I’m not even sure as far as Travis how he even heard of me but I just remember him posting one of my “Porno Movies” video on his blog and he was just like, “yo, Mic Terror is a beast!” Mo Billionaire [manager] had a contact with Travis with this dude named Nicholas Scimeca, Tequila Mockingbird is Travis and Nick who make up Tequila Mockingbird. Nick hit me up and was like, “yo, Travis really wants you on this track, it’s called “Snow Globe”” And that’s pretty much how that happened. I didn’t meet Travis until like a few weeks ago when he came to one of my shows after his show at the United Center. He went from there to the Beat Kitchen to see my show and he had the nappy boy chain on from getting signed to T-Pain’s imprint and he was flicking.
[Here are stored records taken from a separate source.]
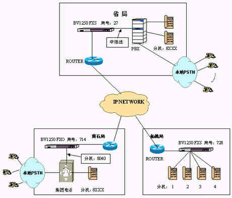 黃石局…呼叫各分支局:本地接入BV1250/FXO的分機(jī)號碼 + 對方局號+對方分機(jī)號碼。
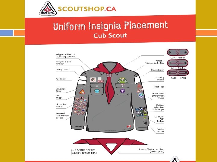 What we expect from you: Regular Meetings Parents to inform Scouters of any absences Cubs to arrive between 7: 15 pm and 7: 30 pm There might not be enough Scouters before 7: 15 pm Late arrivals will not be allowed to join the opening “Grand Howl” Cubs to go to washrooms before meetings Cubs to arrive in full uniform (including name tag, scarf, leather shoes and white socks) Cubs with incomplete uniform will not participate in the opening and closing ceremonies
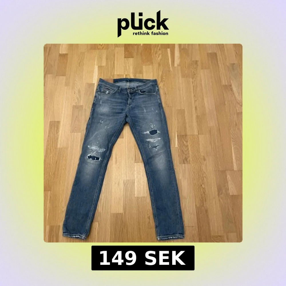 Tja! Säljer mina fina dondup George. Storlek 34 vilket ungefär är W31/ L32. Jeansen är superfina men har tyvärr gått sönder i skrevet, väldigt lättfixat dock. Det bläckliknande färgen på baksidan av fickan är en del av designen. Hör av dig vid minsta fråga eller fundering.
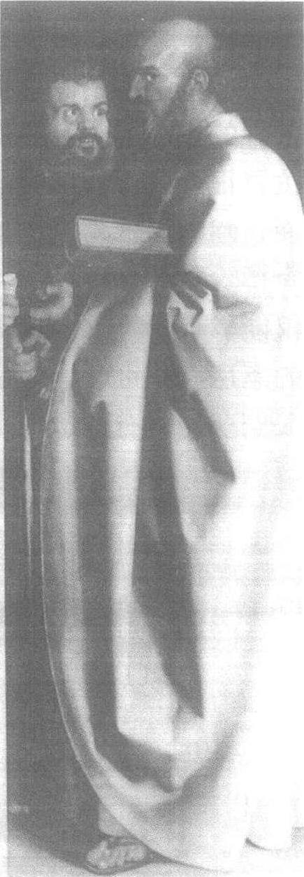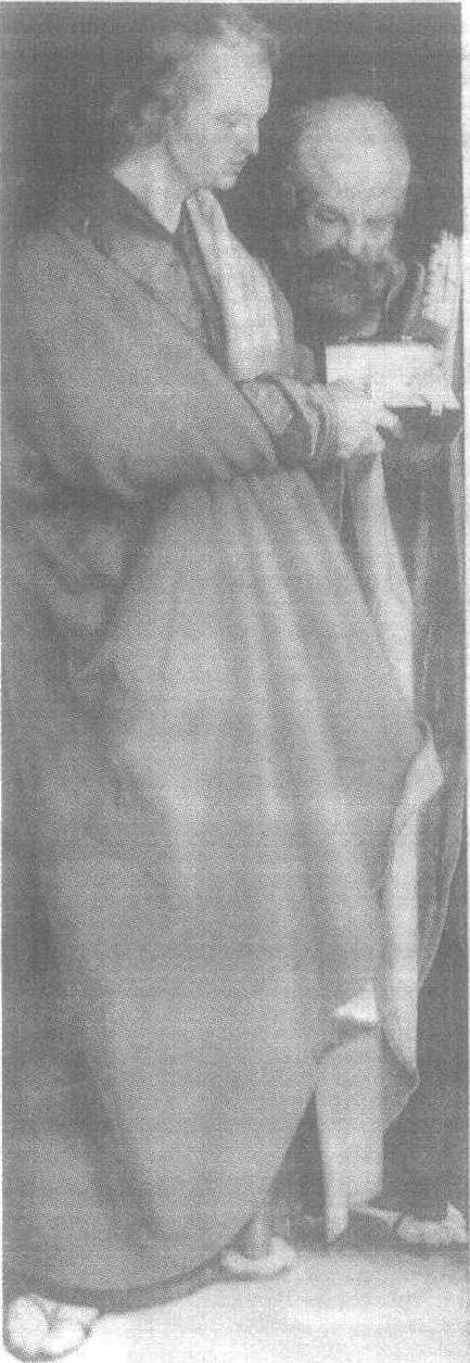四使徒 丢勒 德国画家丢勒(1471—1528)的理想人体研究,大体上是在继承了古代遗产的意大利人的基础上起步的。他成了阿尔卑斯以北最早摹仿意大利文艺复兴追求理想人体表现的艺术家。他从最初重视裸体描写到后来对理想人体的研究,都不仅仅以古代和意大利的具体作品为范本,而且还使用圆规和规尺来探求理想的比例原则。版画《亚当、夏娃与动物》就是这种尝试的代表作。这之后他经过继续深入的研究,在晚年写成了带有插图的《人体比例》 一书。 |

To get more into the mixtape, DJ MoonDawg hosted this tape and he’s one of the few DJs in Chicago that hosts mixtapes regularly. Can you explain to people why there are not as many mixtape DJs in Chicago?
You know what, there is really no excuse for it because there’s definitely people here that want for it. It’s like every few years you get two dudes in Chicago and that will be it. Like Sean Mac was doing it for a long time and he was like, ‘DJ Sean Mac, Shadyville DJ!’ and he was putting out one every month. Mike Love was putting out one every month, DJ Pharris was putting out one every month too. I don’t know. It’s definitely needed out here I don’t know why more people don’t do it. MoonDawg is self employed and doing his thing here and I had to fuck with him because he’s one of the only ones out here doing it how it should be done. He’s been doing his thing for real.
What’s the next step for Mic Terror?
The next step is invade your television, MTV, BET, TRL doesn’t exist so whatever show they put out like The Deal. Also, Mic Terrorvision is coming out this month and that’s the internet reality show which is just letting people inside my routine and what I’m doing. Showing the journey of coming from the underground to mainstream. It’s actually pretty funny so even if you don’t like my music you’ll probably still like it because it’s dumb ass hell, it’s jackass-like and a lot of funny shit going.